Nel coro di Ratisbona abusi, droghe, punizioni corporali e terrore

Georg Ratzinger

“Schrecklich” ovvero terrore. Questa la parola utilizzata da un ex membro del coro di Ratisbona al centro degli scandali per abusi sessuali compiuti negli anni in cui la struttura era diretta da Georg Ratzinger. Che in una recente intervista nega ancora di essere stato a conoscenza degli abusi ammettendo solo qualche “schiaffone”: si è sentito però in dovere di chiedere perdono alle vittime.

Secondo il racconto di un testimone, botte e vessazioni erano la prassi corrente: non solo abusi quindi, ma anche una strategia educativa improntata a una durissima disciplina. Un regista tedesco, che ha preferito l’anonimato, racconta così al quotidiano La Stampa le regole disciplinari all’interno del delle due strutture collegate al coro, Etterzhausen e Ratisbona: “Era un incubo, le punizioni corporali erano all’ordine del giorno. Nel liceo ma anche nel coro”.

Il posto peggiore era la scuola elementare: “Il direttore era un sadico perfetto – spiega il regista – ci picchiavano sulle mani con un bastone e se provavamo a nasconderle le botte erano doppie. Poi ci picchiavano anche sul sedere nudo”. Anche il fratello del papa, ricorda il regista, ogni tanto alzava le mani contro qualche “passerotto” che steccava durante le prove. E nonostante tutto nel liceo entrava, ma il testimone non ricorda come, anche le droghe, già dai primi anni ’70.

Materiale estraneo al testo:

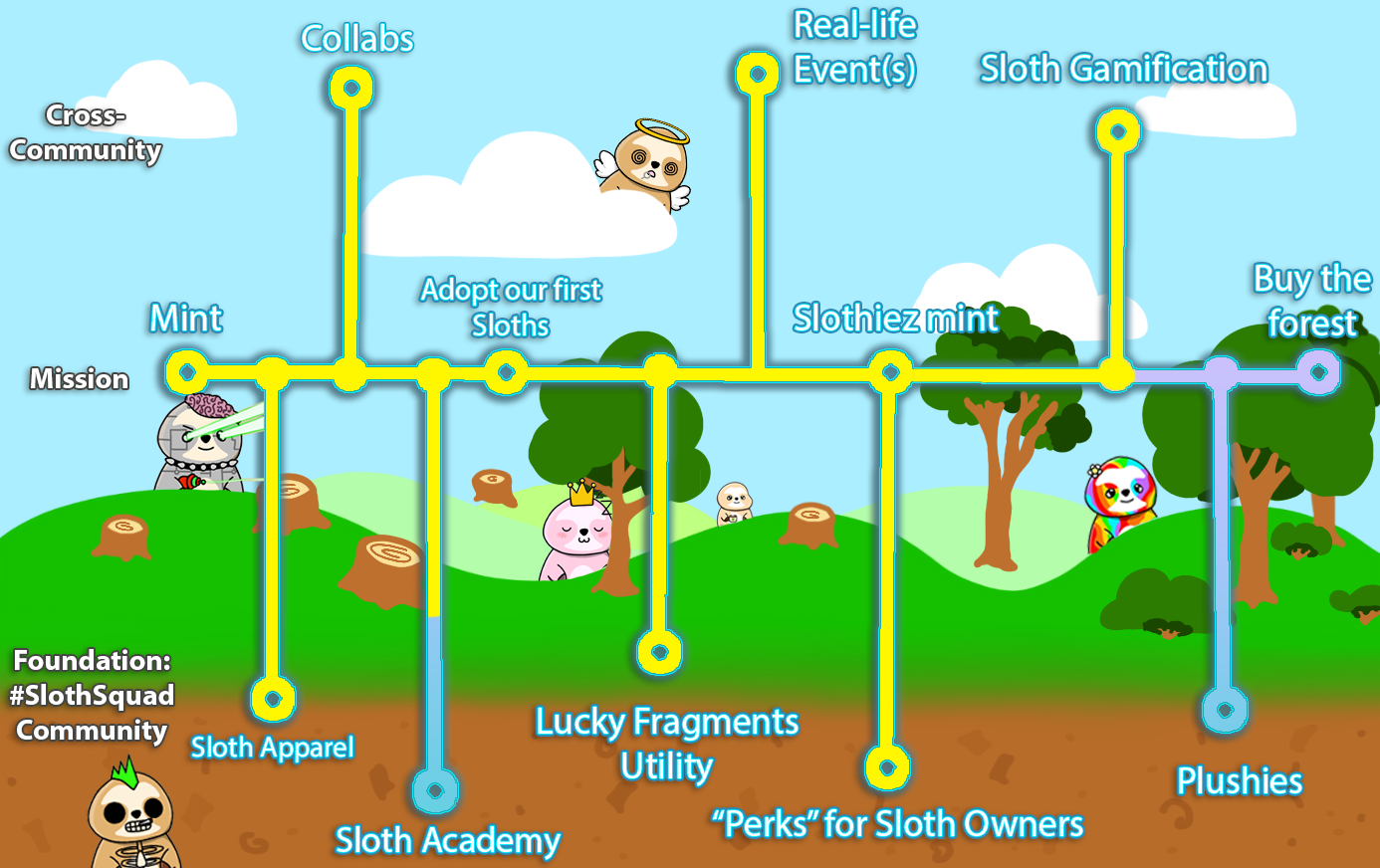 Our goal is to help as many Sloths as possible, to protect wildlife habitat and our planet, which is ultimately in our own best interest as well. Animal rights issues can be considered a high priority, as there are 100+ billion domesticated animals and even more wild animals who receive even less of our moral concern. Only 3% of philanthropic funding in the US is split between the environment and animals, while 97% goes toward helping humans. We are establishing ourselves in the NFT space to have the biggest impact we can. So if you love our cute, meme-able and relatable art, and at the same time want to be part of these important goals, definitely consider Lucky Sloths NFTs. We also have community-directed initiatives to help sloths based on Lucky Fragments, our off-chain currency through Discord, so definitely join our server to participate! We’ve adopted sloths through the Sloth Institute and the Sloth Conservation Foundation based in Costa Rica. We have also have sponsored Syd and Pauley at the Wildlife Learning Center in California, with whom we’ve partnered to allow our Verified Sloth Holders to visit them with a free entrance, more info in our Discord Server.
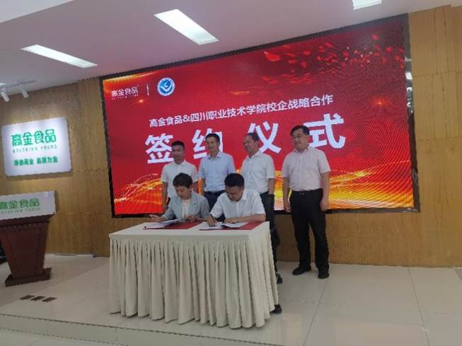 6月6日下午,我校在四川高金实业集团股份有限公司与该企业”签订了校企战略合作框架协议。签约仪式由企业方主持,企业董事长金翔宇、轮值CEO杨莉、副总裁刘舒全、综合保障服务中心部长黄敏、人力资源部副部长徐洁参加;我校党委书记张生,党委委员、副校长杨丁,党委委员、副校长李勇,科技与产教融合处处长伍志平,外国语学院党总支书记翟莲,食品与生物技术学院副院长江华明出席活动。
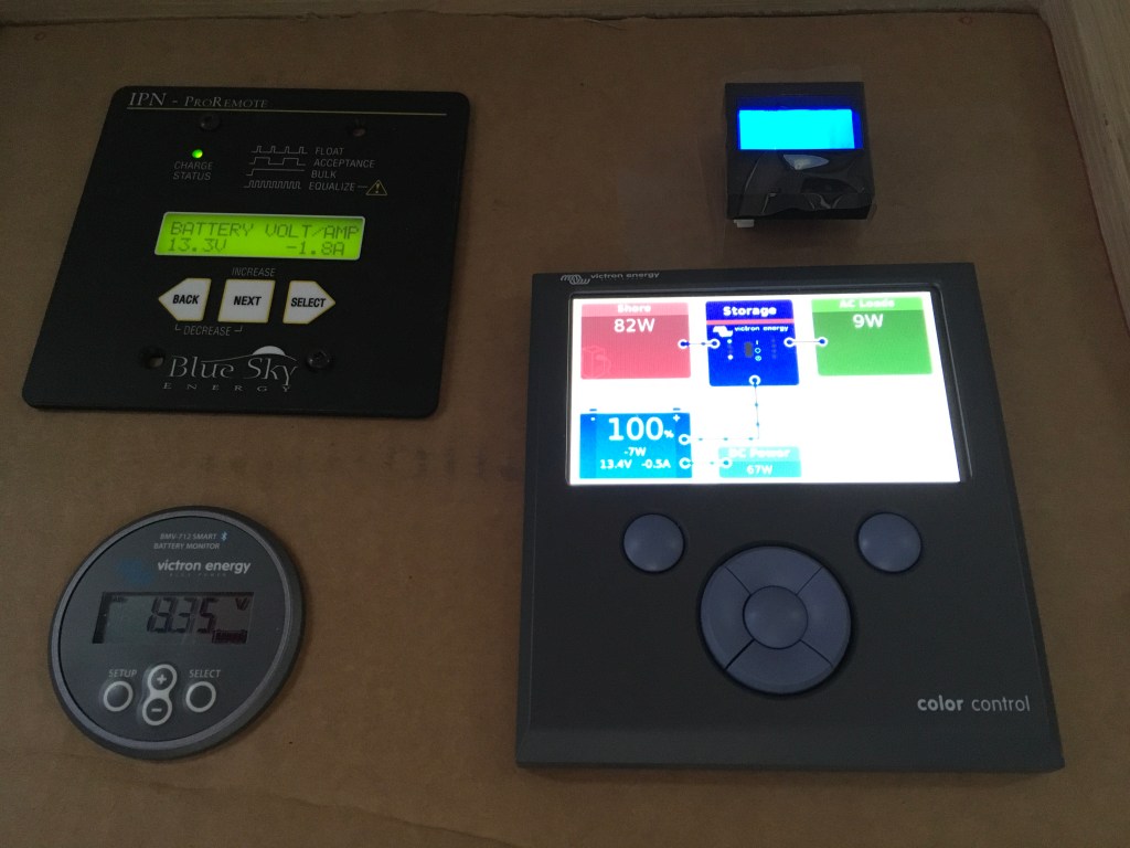 This will have all the controllers in the same area, as you can see from the photo they are just mounted on a piece of cardboard for now, just wanted a chance to make sure I was happy with the positioning before creating the actual mounting board. I plan on using grey smoked plexiglass for this, and while not real expensive will take a lot of work to cut and fit everything. The system is still not operational as I’m waiting for the 8 gauge wire that will connect the actual 120 volt power to the inverter, and supply the power back to the electrical breaker panel, but somehow USPS has somehow managed to send it Cave Creek Arizona from Phoenix instead of Ajo Arizona. But hopefully they will get it back on course so that I can get this task completed.

Sugli abusi sessuali il regista racconta che chi li subiva non ne parlava e punta ancora una volta il dito contro Georg Ratzinger: “Difficile che non ne sapesse nulla”. Le esperienze dolorose di quegli anni tornano in mente all’uomo che racconta di un compagno che tentò il suicidio per disperazione e non fu più ammesso a scuola. Un altro, invece, scappò via e due anni dopo fu accusato di aver commesso un omicidio in ambienti omosessuali. Per il testimone quella di Ratisbona è stata un’esperienza traumatica: ” Ho parlato anche con uno psicologo perchè, da soli, non si riesce a elaborare quello che è successo”.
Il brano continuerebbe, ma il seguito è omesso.